The first time I learned about diabetes camp – there is such a thing? – was right after our daughter was diagnosed.  Hannah was 8 years old, and we were at our first appointment with the Certified Diabetes Educator aka The Angel.  After reviewing everything that we learned in the hospital (“Wait, we have to carry this red glucagon thing with us all the time?”), The Angel gave us a postcard showing kids canoeing, ziplining and all having the best time ever, ALL WITH DIABETES.  Latching onto this possibly positive aspect of a life-threatening disease, we promised Hannah she could go to Camp Colorado, which happens to be practically in our backyard.  If you are not familiar with one of the nationwide American Diabetes Association camps, do your kiddo a favor and give it some thoughtful consideration.

First, know that these camps are POPULAR.  I know now that registration for camp in July opens up at the end of March and mark my calendar accordingly.  We actually missed the first sign up that first year Hannah was diagnosed and she never made it off the waiting list.  Now I know …. and she reminds me as well.

Second, there is a serious amount of online paperwork you will have to fill out.  These people take the fact that they are caring for your child very seriously, and you’ll need doctors’ information, A1C results, permission from a CDE or endocrinologist, pump serial numbers, type of insulin …. the list goes on.  The neat thing is that you can set up an online account and a lot of information is saved year to year.  When it comes down to it, you want the camp staff to know everything about your kid.

Third, diabetes camp is affordable.  Although the actual cost per camper is very expensive – due to having physicians and nurses on staff – a lot of the cost is underwritten by fabulous donors and sponsors so that the cost to you is in line with a typical week at camp.

Fourth, this is one of the few times that you as a parent can take a breather from diabetes.  Not only can you voice any questions you have during a conference call ahead of time, but every minute of your child’s day at camp is monitored, from the line up of blood sugar checks before meals, to the nightly Juice Fairy visits, to the adjustments in insulin to compensate for the amount of activity they’re doing.  And when you pick up your camper, one of their counselors will review their blood sugar log with you.

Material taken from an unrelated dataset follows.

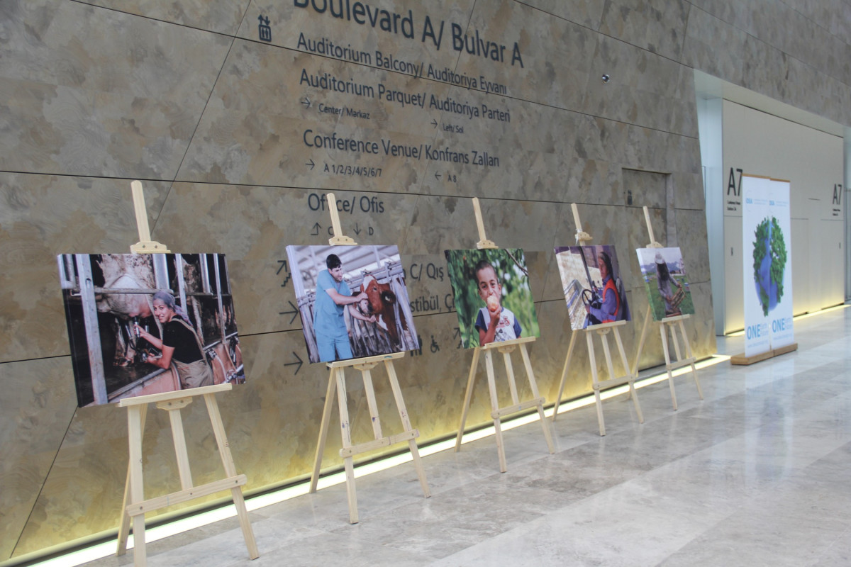 Əvvəlcə tədbirin qonaqları Bakı Konqres Mərkəzində təşkil edilən #MənimAddımlarım (#MyActions) mövzusunda fotoşəkillərdən, həmçinin təşkilatçılar tərəfindən təqdim edilən nəşrlər və bukletlərdən ibarət sərgi ilə tanış olub. Tədbir çərçivəsində təşkil edilən sərgiyə Masallı, Ağdam, Lənkəran, İsmayıllı və Balakən rayonlarından olan qadınlardan ibarət Qadın İnkişaf Qruplarının nümayəndələri də öz əlişləri ilə qoşulublar. Qeyd edək ki, sözügedən qruplar Azərbaycan Respublikasının Kənd Təsərrüfatı Nazirliyi tərəfindən icra edilən, Azərbaycan Hökuməti və Dünya Bankının birgə maliyyələşdirdiyi Azərbaycan İkinci Kənd İnvestisiya layihəsi çərçivəsində yaradılmışdır. Bu cür qrupların yaradılmasında əsas məqsəd kəndlərdə biznesin qurulması, inkişafı, idarə edilməsi və genişləndirilməsi yolu ilə əhalinin rifahının yaxşılaşdırılmasıdır.

Fifth, this is an amazing learning experience for your child.  Do you long for the times before the diabetes diagnoses when your son or daughter was like everyone else?  At camp, they are like everyone else.  Everyone checks their blood sugar.  Everyone has lows and highs.  Everyone gets a shot or a pump bolus.  Many kids have to eat gluten-free.  And the camaraderie encourages kids to try a new injection site, or to wear their CGM.

And finally, if you have a long drive home, prepare for non-stop chatter about how much fun your child had, and about terrific counselors, and making new friends, and things like the Blob and the Vomitron.  And about next year.